When Watson reaches the hotel, he finds that there is no sick woman awaiting his attentions. Realizing the trick, he rushes back to the Reichenbach Falls, but he finds only Holmes’s Alpine-stock (walking stick), leaning against the rock. Two sets of footprints lead to a precipice above a deep chasm into which the water plunges, and there are no returning footprints. The plowed-up soil and torn branches and ferns at the edge of the path show that there has been a fight beside the chasm.

Watson sees something gleaming from the top of a boulder, and finds Holmes’s silver cigarette case. As he picks it up, out flutters a note from Holmes, which Moriarty had allowed him to write before their battle. The note reveals that Holmes is prepared to die in order to rid the world of Moriarty. The detective has written that “no possible conclusion to [my career] could be more congenial to me than this.” The note ends by asking Watson to inform the police that the papers that will convict Moriarty’s gang are with his brother Mycroft for safekeeping.

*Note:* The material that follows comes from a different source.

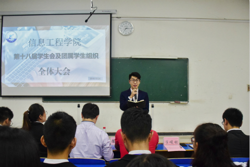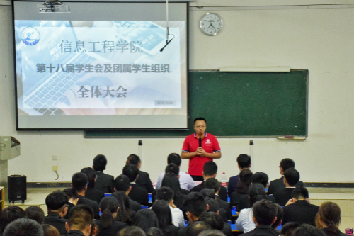 10月25日,信息学院于逸夫楼105室举办第十八届学生会及团属学生组织第一次全体大会。信息学院学工办主任兼团委书记陈文锦、辅导员艾国金出席会议。信息学院第十八届学生会及团属学生组织全体成员与会。

When Watson and the police search the scene, they find unmistakable signs that the two men tussled on the brink, then fell, presumably to their deaths. Watson thinks it is all over, and he has lost the man “I shall ever regard as the best and the wisest man whom I have ever known”—but of course he is wrong. For Watson, Holmes does return in “The Empty House,” which reveals he did not perish at Reichenbach after all. The public, however, had to wait nearly a decade before he was seen again in The Hound of the Baskervilles—set before his apparent death—and in the meantime fans had to live with the devastating belief that the great detective was no more.

THE REICHENBACH FALLS

Situated in the Swiss Bernese Oberland region, the Reichenbach Falls were well known long before Conan Doyle’s time. Dropping a total of 820 ft (250 m) in a series of torrents, the waterfalls are among the most spectacular in Europe. They were painted by the English Romanticist J. M. W. Turner in the early 1800s, but it is their role in “The Final Problem” for which they are best known today. Tens of thousands of Holmes fans trek to the site every year to see where Moriarty met his doom. There is a funicular railroad to take them there from the nearby town of Meiringen, where there is also a Holmes museum. Many fans dress as characters from the Holmes stories and reenact the struggle, even sending dummy bodies plunging into the depths. On the cliff face is a plaque marking the spot of the great struggle between Holmes and Moriarty. The path on which the pair wrestled was then right beside the falls, but over the years it has crumbled away, and today it ends around 330 ft (100 m) short of the falls.